INPUT DATA section start

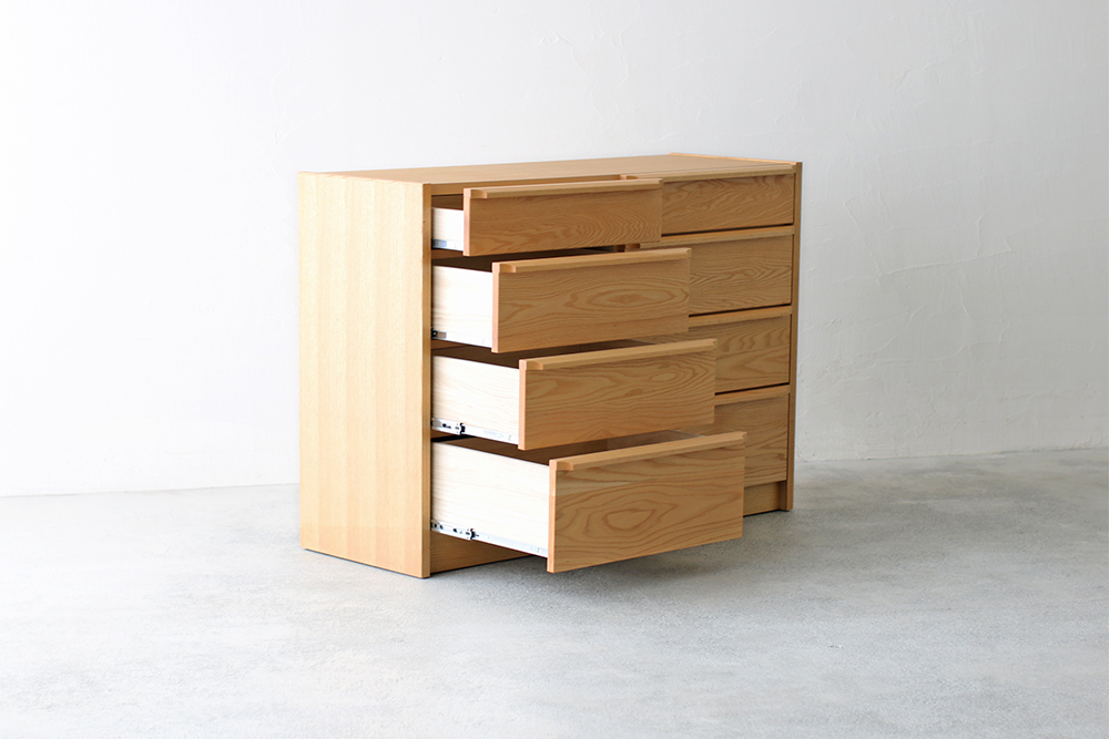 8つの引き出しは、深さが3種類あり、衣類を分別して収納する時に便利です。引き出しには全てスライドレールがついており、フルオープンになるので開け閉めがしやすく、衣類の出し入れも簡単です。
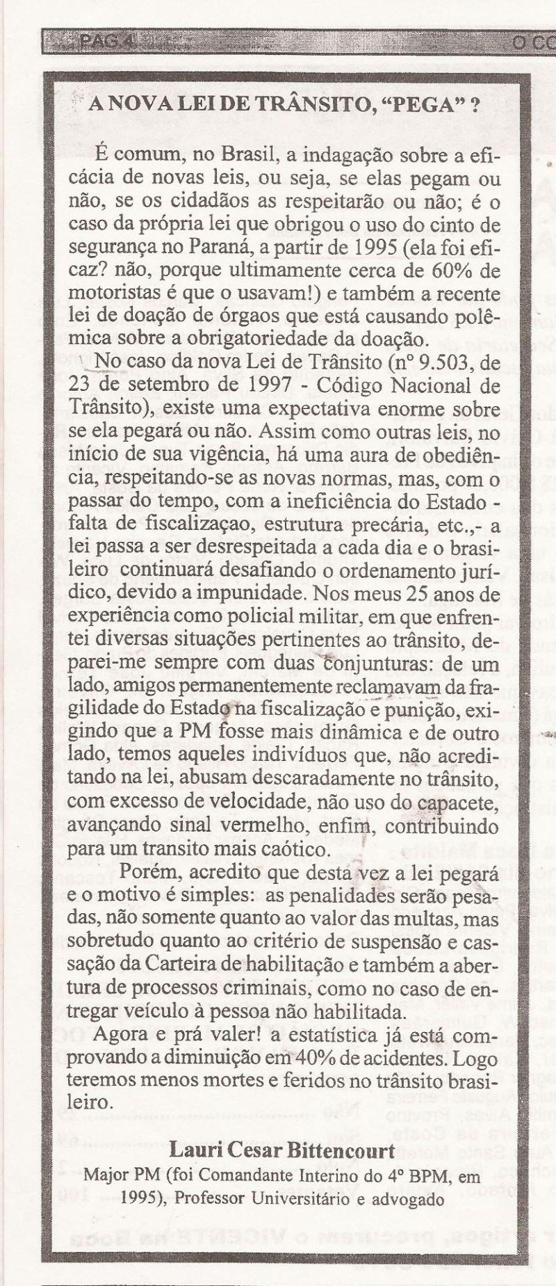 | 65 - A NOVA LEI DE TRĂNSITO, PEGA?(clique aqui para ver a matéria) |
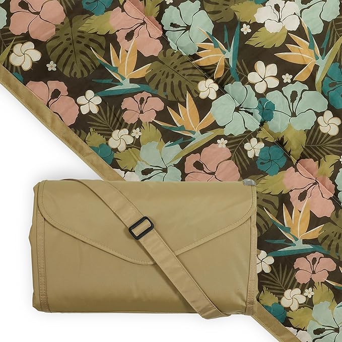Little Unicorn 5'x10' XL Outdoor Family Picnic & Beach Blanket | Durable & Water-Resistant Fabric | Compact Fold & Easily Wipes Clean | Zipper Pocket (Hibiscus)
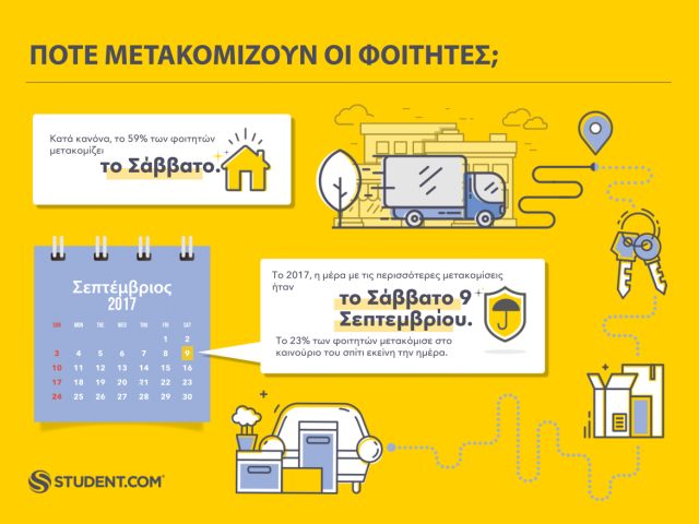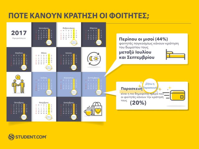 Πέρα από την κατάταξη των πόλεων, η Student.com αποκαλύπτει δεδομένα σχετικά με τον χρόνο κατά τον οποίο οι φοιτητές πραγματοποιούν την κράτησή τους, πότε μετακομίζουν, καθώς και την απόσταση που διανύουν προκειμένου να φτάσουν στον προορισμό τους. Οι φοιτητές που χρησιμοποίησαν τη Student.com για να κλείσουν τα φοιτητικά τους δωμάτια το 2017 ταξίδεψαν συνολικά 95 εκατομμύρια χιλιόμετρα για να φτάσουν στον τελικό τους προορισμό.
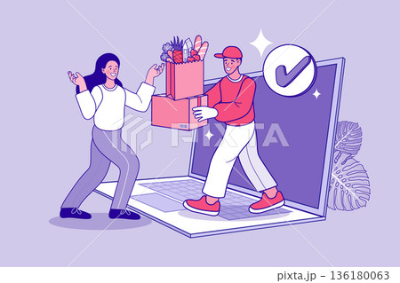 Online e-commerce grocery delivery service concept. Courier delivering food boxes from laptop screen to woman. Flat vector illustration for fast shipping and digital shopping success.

INPUT DATA section end
INPUT DATA section start

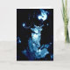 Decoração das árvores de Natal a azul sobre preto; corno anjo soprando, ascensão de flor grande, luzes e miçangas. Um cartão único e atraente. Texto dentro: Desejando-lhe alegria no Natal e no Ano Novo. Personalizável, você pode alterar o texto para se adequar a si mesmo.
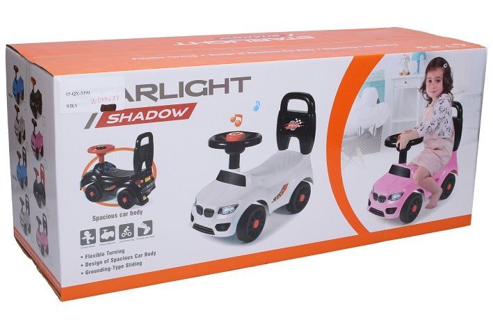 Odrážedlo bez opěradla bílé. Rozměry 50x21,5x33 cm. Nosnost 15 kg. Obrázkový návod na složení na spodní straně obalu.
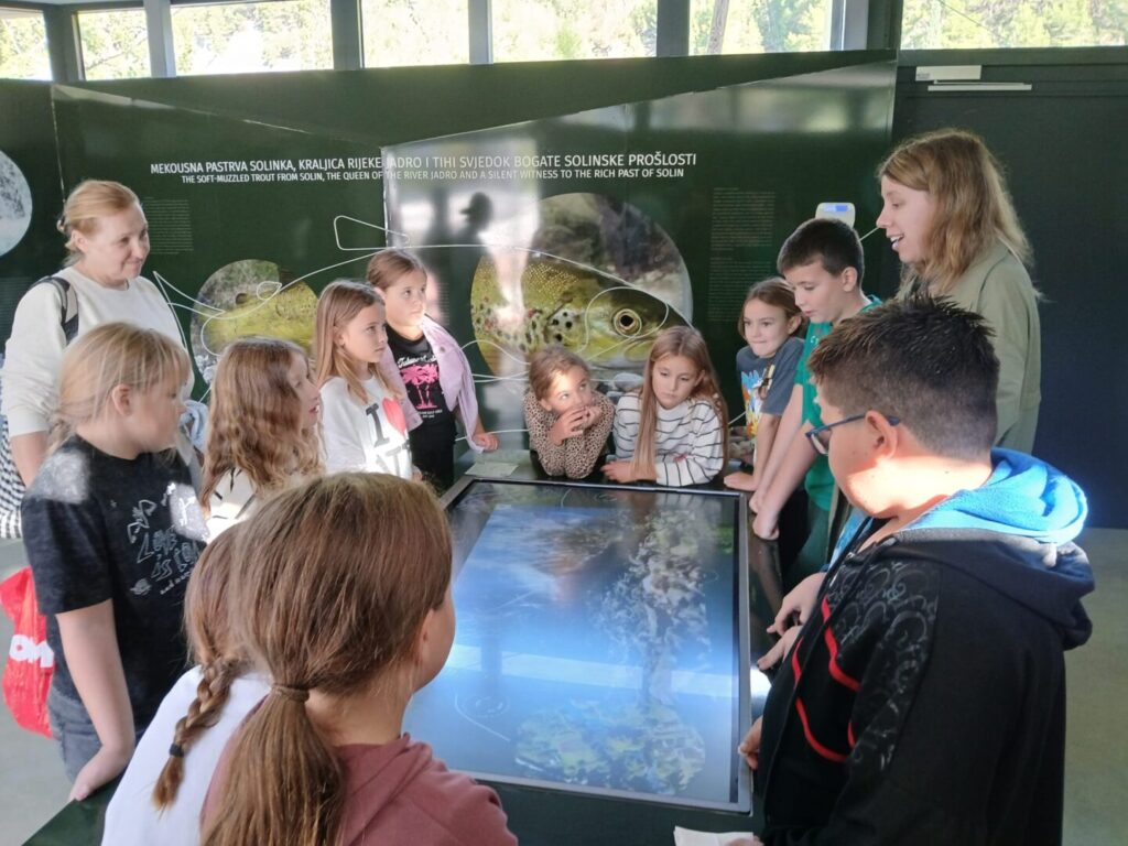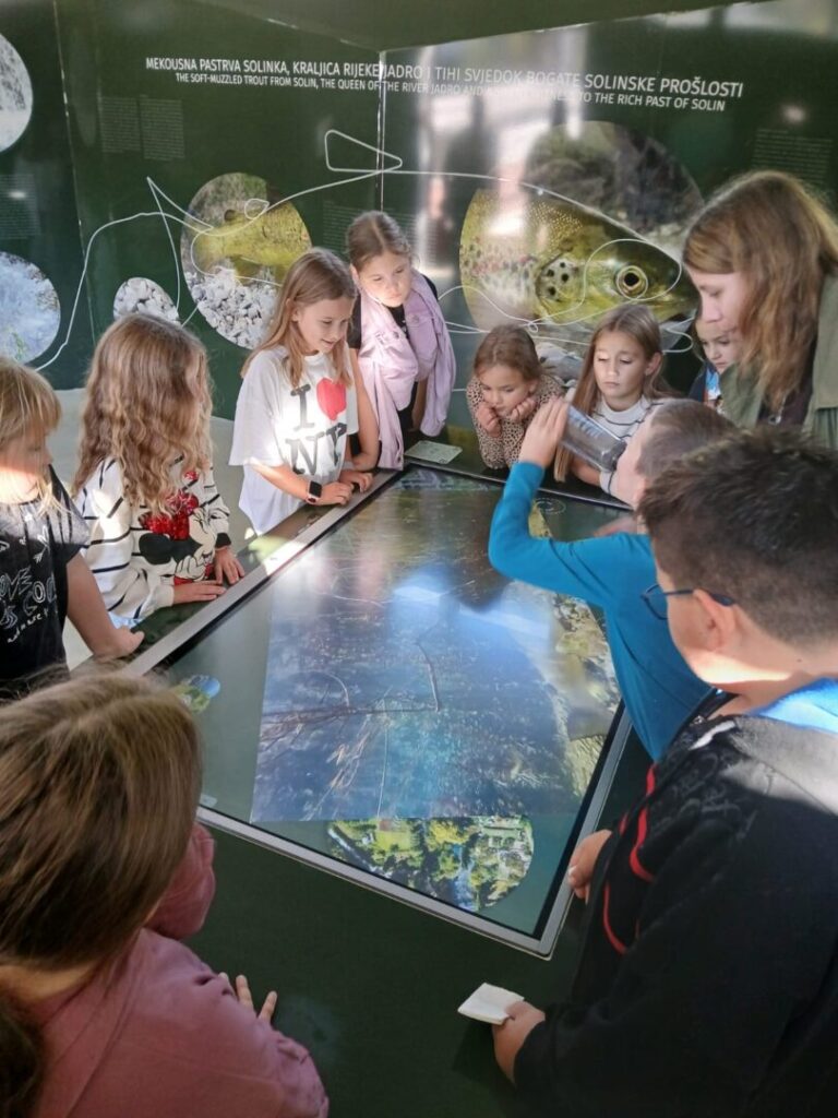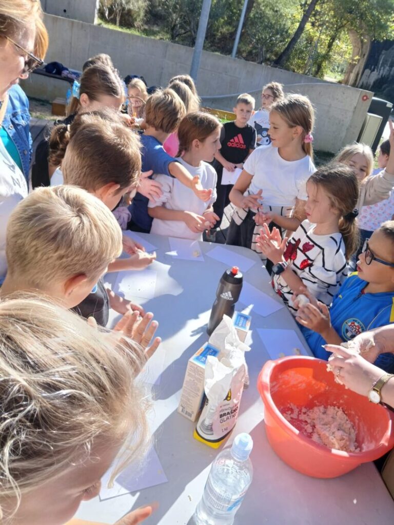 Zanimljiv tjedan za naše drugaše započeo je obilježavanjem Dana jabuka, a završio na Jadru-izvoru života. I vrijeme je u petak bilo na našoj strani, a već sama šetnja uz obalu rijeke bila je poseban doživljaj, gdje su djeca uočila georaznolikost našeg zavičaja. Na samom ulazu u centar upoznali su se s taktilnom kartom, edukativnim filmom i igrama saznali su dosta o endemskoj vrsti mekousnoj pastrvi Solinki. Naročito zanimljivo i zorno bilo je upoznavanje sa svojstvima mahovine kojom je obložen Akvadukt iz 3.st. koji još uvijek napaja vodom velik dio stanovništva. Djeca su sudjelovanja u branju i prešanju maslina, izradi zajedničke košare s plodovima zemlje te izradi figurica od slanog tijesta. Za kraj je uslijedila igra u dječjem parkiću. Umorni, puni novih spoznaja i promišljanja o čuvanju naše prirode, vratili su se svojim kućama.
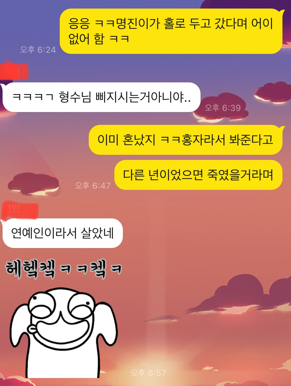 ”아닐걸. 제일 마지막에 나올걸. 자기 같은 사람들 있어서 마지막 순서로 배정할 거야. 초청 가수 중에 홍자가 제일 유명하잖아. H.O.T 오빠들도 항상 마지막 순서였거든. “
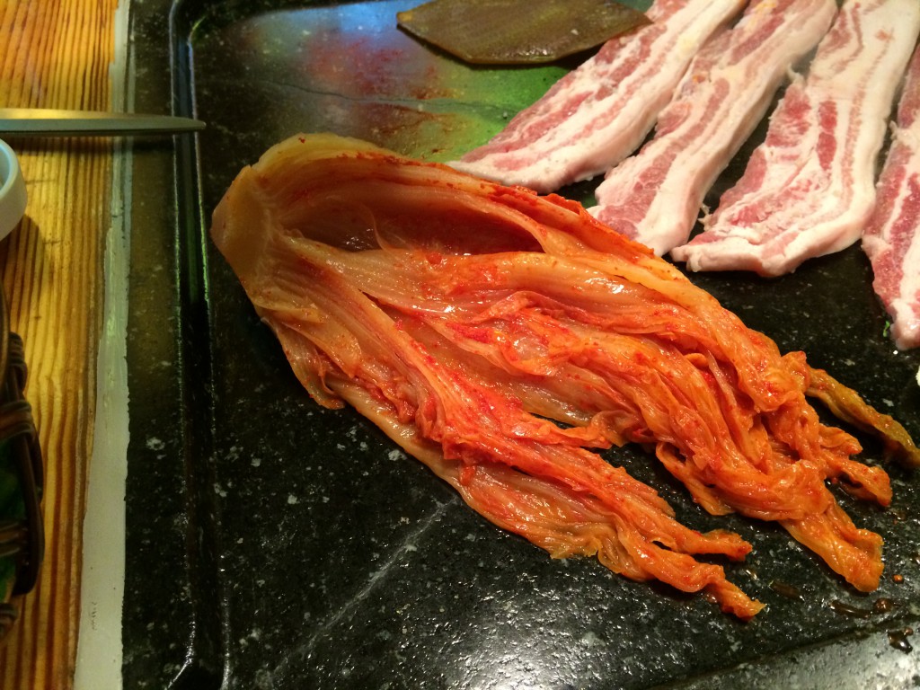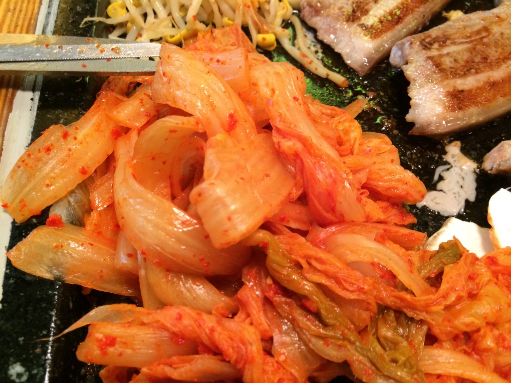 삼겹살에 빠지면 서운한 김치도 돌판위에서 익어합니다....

INPUT DATA section end
INPUT DATA section start

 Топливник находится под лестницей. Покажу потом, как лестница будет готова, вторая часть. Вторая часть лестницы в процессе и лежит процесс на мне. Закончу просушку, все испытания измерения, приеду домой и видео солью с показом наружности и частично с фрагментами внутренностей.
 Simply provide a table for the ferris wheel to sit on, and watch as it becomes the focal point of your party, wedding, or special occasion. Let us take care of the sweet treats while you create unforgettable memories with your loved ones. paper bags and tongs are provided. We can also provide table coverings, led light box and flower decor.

INPUT DATA section end

ASSIGNMENT: Copy out exactly the material that runs from the line with "8つの引き出しは、深さが3種" to the line with "Little Unicorn 5'x10'", ends included, and leave the pictures behind.

FINISHED TASK:
 8つの引き出しは、深さが3種類あり、衣類を分別して収納する時に便利です。引き出しには全てスライドレールがついており、フルオープンになるので開け閉めがしやすく、衣類の出し入れも簡単です。
 | 65 - A NOVA LEI DE TRĂNSITO, PEGA?(clique aqui para ver a matéria) |
Little Unicorn 5'x10' XL Outdoor Family Picnic & Beach Blanket | Durable & Water-Resistant Fabric | Compact Fold & Easily Wipes Clean | Zipper Pocket (Hibiscus)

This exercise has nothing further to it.